Once the line containing "2018. június 11-én" is found in the entries below, restate it and each following line word for word, stopping after the line containing "Vagtskiftet ved Marselisborg".
Data extract START
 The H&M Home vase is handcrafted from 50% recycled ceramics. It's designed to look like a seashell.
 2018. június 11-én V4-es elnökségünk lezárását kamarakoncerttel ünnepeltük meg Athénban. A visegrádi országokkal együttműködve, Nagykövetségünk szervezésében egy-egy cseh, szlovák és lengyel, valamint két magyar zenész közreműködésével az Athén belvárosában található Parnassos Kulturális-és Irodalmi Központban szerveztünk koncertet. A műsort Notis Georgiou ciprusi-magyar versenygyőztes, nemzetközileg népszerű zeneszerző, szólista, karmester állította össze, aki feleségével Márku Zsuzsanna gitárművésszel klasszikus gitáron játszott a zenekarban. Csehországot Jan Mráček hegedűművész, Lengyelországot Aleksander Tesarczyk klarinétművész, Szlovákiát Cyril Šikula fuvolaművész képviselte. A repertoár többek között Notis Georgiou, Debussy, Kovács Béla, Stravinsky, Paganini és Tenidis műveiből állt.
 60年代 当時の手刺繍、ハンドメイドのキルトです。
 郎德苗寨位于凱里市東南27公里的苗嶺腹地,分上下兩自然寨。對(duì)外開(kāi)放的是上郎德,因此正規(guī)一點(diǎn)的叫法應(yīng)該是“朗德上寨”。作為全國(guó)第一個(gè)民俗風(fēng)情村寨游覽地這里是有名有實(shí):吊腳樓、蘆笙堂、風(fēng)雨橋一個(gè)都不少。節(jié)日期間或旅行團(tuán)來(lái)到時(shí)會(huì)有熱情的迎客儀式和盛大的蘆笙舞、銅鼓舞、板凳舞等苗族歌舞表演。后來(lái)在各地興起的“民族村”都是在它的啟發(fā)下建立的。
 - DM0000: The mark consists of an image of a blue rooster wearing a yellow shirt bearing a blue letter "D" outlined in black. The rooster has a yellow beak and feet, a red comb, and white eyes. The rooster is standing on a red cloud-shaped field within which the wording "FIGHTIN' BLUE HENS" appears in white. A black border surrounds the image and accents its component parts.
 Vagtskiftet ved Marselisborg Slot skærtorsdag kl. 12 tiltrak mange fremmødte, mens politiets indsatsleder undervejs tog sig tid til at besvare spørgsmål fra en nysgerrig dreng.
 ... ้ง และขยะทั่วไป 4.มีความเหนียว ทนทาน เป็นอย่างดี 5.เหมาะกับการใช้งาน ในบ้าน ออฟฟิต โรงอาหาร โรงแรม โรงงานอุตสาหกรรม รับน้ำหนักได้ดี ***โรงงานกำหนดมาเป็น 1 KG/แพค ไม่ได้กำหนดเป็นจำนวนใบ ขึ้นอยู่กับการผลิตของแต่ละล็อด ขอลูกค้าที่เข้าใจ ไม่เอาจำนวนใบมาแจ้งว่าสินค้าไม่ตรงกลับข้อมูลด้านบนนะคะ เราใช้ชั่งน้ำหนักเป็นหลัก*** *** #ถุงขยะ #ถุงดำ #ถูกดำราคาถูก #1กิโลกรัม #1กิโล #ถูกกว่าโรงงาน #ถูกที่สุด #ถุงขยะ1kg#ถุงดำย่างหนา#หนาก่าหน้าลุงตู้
Data extract END
### Completed task
 2018. június 11-én V4-es elnökségünk lezárását kamarakoncerttel ünnepeltük meg Athénban. A visegrádi országokkal együttműködve, Nagykövetségünk szervezésében egy-egy cseh, szlovák és lengyel, valamint két magyar zenész közreműködésével az Athén belvárosában található Parnassos Kulturális-és Irodalmi Központban szerveztünk koncertet. A műsort Notis Georgiou ciprusi-magyar versenygyőztes, nemzetközileg népszerű zeneszerző, szólista, karmester állította össze, aki feleségével Márku Zsuzsanna gitárművésszel klasszikus gitáron játszott a zenekarban. Csehországot Jan Mráček hegedűművész, Lengyelországot Aleksander Tesarczyk klarinétművész, Szlovákiát Cyril Šikula fuvolaművész képviselte. A repertoár többek között Notis Georgiou, Debussy, Kovács Béla, Stravinsky, Paganini és Tenidis műveiből állt.
 60年代 当時の手刺繍、ハンドメイドのキルトです。
 郎德苗寨位于凱里市東南27公里的苗嶺腹地,分上下兩自然寨。對(duì)外開(kāi)放的是上郎德,因此正規(guī)一點(diǎn)的叫法應(yīng)該是“朗德上寨”。作為全國(guó)第一個(gè)民俗風(fēng)情村寨游覽地這里是有名有實(shí):吊腳樓、蘆笙堂、風(fēng)雨橋一個(gè)都不少。節(jié)日期間或旅行團(tuán)來(lái)到時(shí)會(huì)有熱情的迎客儀式和盛大的蘆笙舞、銅鼓舞、板凳舞等苗族歌舞表演。后來(lái)在各地興起的“民族村”都是在它的啟發(fā)下建立的。
 - DM0000: The mark consists of an image of a blue rooster wearing a yellow shirt bearing a blue letter "D" outlined in black. The rooster has a yellow beak and feet, a red comb, and white eyes. The rooster is standing on a red cloud-shaped field within which the wording "FIGHTIN' BLUE HENS" appears in white. A black border surrounds the image and accents its component parts.
 Vagtskiftet ved Marselisborg Slot skærtorsdag kl. 12 tiltrak mange fremmødte, mens politiets indsatsleder undervejs tog sig tid til at besvare spørgsmål fra en nysgerrig dreng.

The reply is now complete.